| Data for this task |
☆ ☆ ☆ ☆ ☆

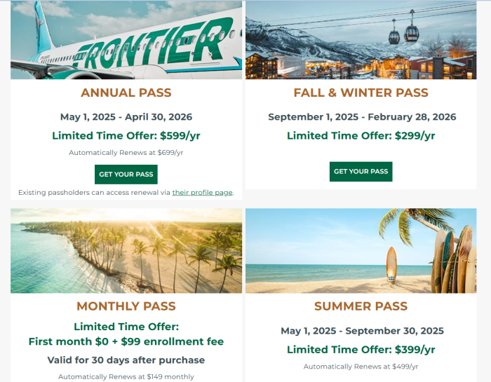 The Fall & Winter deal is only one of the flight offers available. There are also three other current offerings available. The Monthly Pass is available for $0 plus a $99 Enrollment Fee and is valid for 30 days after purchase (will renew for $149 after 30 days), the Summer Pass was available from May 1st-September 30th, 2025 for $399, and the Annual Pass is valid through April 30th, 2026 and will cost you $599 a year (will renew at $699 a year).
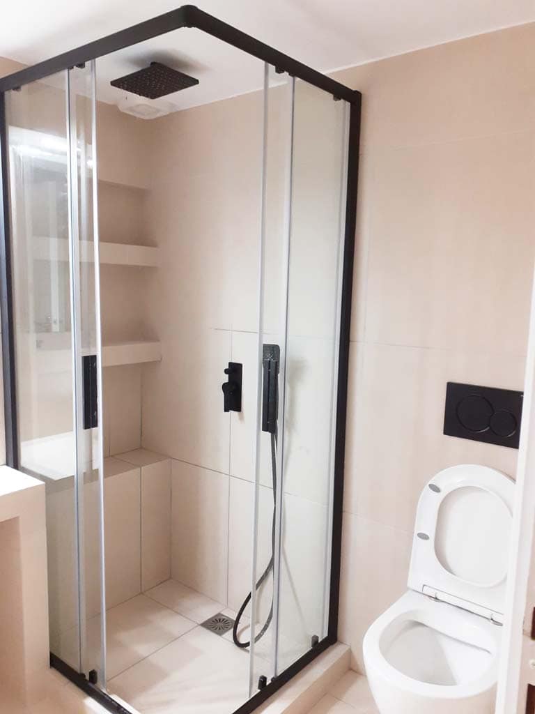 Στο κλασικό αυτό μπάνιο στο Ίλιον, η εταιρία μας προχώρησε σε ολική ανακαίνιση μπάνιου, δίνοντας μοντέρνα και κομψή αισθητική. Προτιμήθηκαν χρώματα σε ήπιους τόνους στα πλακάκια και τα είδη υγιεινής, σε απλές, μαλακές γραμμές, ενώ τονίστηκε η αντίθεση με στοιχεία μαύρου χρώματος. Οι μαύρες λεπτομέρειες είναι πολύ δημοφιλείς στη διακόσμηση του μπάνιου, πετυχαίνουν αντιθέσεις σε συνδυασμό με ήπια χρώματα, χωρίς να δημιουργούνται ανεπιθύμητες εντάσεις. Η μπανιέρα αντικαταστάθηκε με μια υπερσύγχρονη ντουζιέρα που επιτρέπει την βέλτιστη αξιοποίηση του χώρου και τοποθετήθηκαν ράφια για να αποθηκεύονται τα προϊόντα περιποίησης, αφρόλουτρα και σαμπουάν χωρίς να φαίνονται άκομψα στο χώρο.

☆ ☆ ☆ ☆ ☆

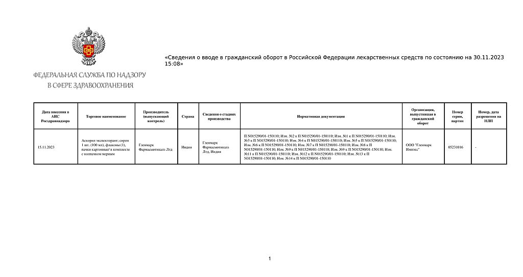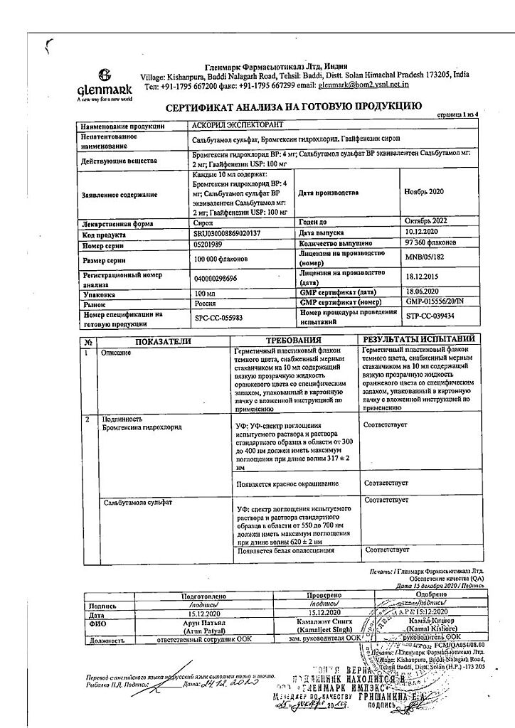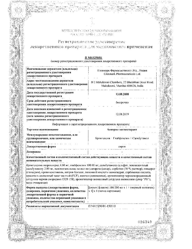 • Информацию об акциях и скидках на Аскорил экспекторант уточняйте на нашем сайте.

☆ ☆ ☆ ☆ ☆

| Problem description |
Repeat only the stretch of data above that runs from the line with "The Fall & Winter" to the line with "Στο κλασικό αυτό". Keep both end lines; exclude pictures.

| Your response |
 The Fall & Winter deal is only one of the flight offers available. There are also three other current offerings available. The Monthly Pass is available for $0 plus a $99 Enrollment Fee and is valid for 30 days after purchase (will renew for $149 after 30 days), the Summer Pass was available from May 1st-September 30th, 2025 for $399, and the Annual Pass is valid through April 30th, 2026 and will cost you $599 a year (will renew at $699 a year).
 Στο κλασικό αυτό μπάνιο στο Ίλιον, η εταιρία μας προχώρησε σε ολική ανακαίνιση μπάνιου, δίνοντας μοντέρνα και κομψή αισθητική. Προτιμήθηκαν χρώματα σε ήπιους τόνους στα πλακάκια και τα είδη υγιεινής, σε απλές, μαλακές γραμμές, ενώ τονίστηκε η αντίθεση με στοιχεία μαύρου χρώματος. Οι μαύρες λεπτομέρειες είναι πολύ δημοφιλείς στη διακόσμηση του μπάνιου, πετυχαίνουν αντιθέσεις σε συνδυασμό με ήπια χρώματα, χωρίς να δημιουργούνται ανεπιθύμητες εντάσεις. Η μπανιέρα αντικαταστάθηκε με μια υπερσύγχρονη ντουζιέρα που επιτρέπει την βέλτιστη αξιοποίηση του χώρου και τοποθετήθηκαν ράφια για να αποθηκεύονται τα προϊόντα περιποίησης, αφρόλουτρα και σαμπουάν χωρίς να φαίνονται άκομψα στο χώρο.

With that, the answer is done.